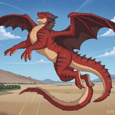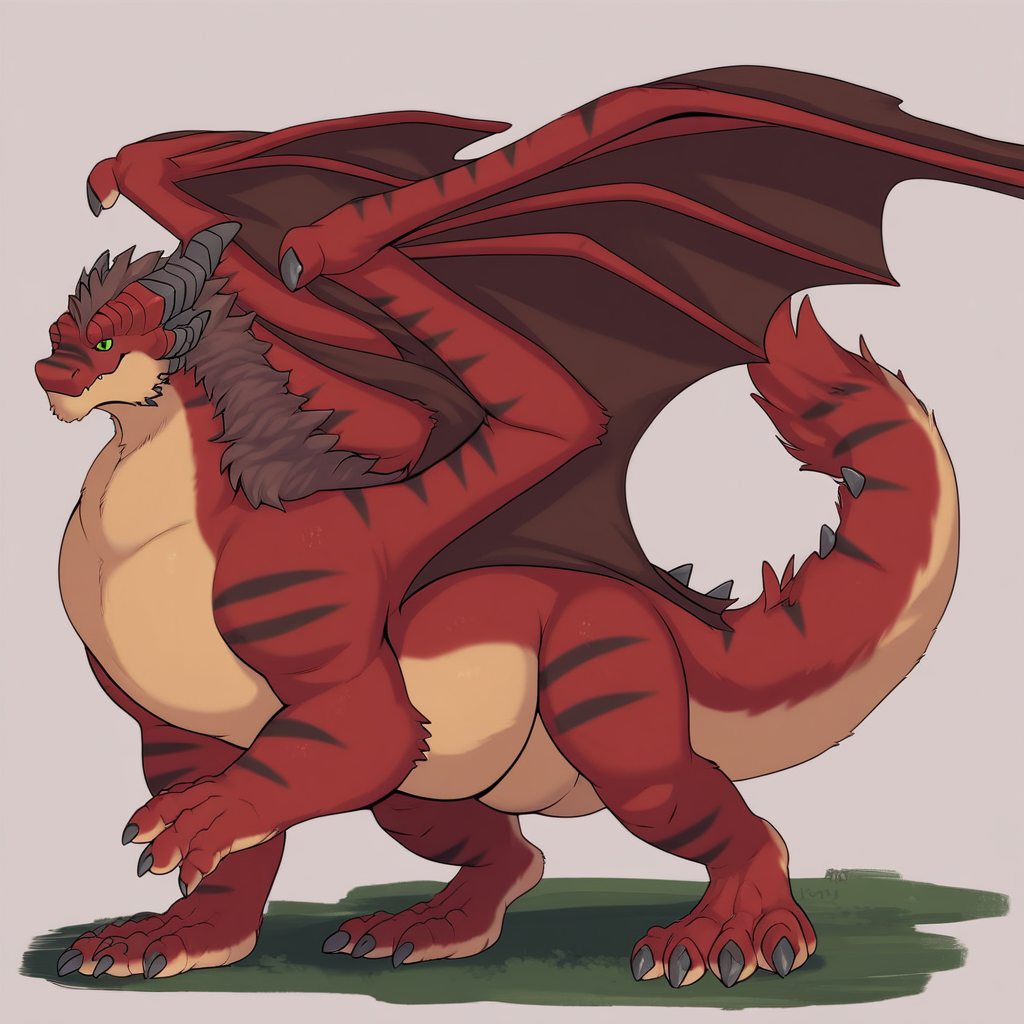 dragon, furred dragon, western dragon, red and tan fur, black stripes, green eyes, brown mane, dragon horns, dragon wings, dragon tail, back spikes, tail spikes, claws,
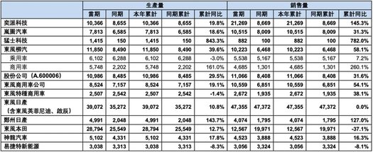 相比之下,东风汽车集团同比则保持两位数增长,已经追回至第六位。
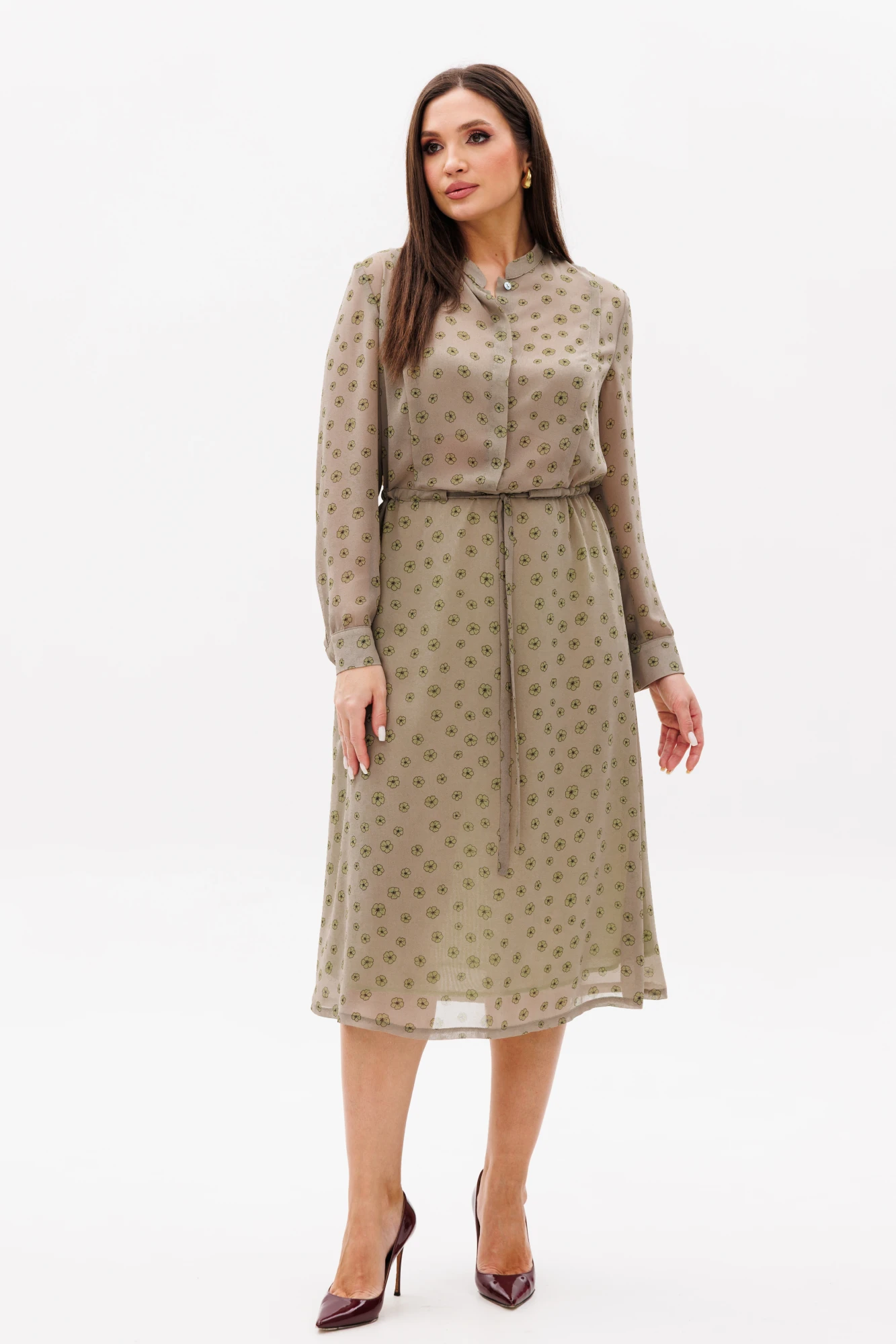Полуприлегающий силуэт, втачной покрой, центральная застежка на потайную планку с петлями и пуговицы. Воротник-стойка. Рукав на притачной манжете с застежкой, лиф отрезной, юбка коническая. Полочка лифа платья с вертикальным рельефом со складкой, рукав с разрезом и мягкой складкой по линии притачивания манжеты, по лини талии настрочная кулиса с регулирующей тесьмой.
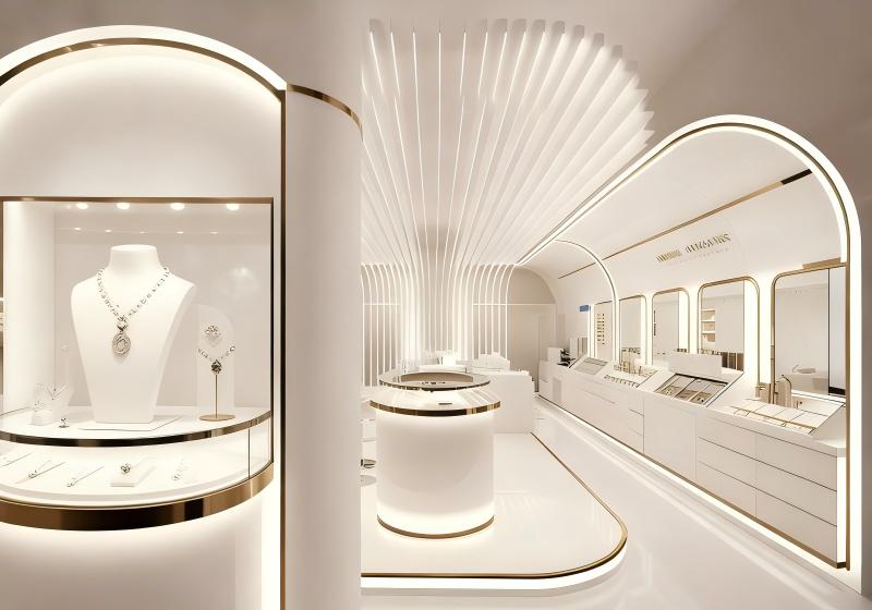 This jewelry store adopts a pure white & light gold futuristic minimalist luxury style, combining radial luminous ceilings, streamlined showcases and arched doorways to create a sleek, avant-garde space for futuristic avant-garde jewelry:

□ □ □ □

● Exercise aim: In full and without changes, repeat the listing above, but not its pictures.

● Output of the task:
 dragon, furred dragon, western dragon, red and tan fur, black stripes, green eyes, brown mane, dragon horns, dragon wings, dragon tail, back spikes, tail spikes, claws,
 相比之下,东风汽车集团同比则保持两位数增长,已经追回至第六位。
Полуприлегающий силуэт, втачной покрой, центральная застежка на потайную планку с петлями и пуговицы. Воротник-стойка. Рукав на притачной манжете с застежкой, лиф отрезной, юбка коническая. Полочка лифа платья с вертикальным рельефом со складкой, рукав с разрезом и мягкой складкой по линии притачивания манжеты, по лини талии настрочная кулиса с регулирующей тесьмой.
 This jewelry store adopts a pure white & light gold futuristic minimalist luxury style, combining radial luminous ceilings, streamlined showcases and arched doorways to create a sleek, avant-garde space for futuristic avant-garde jewelry:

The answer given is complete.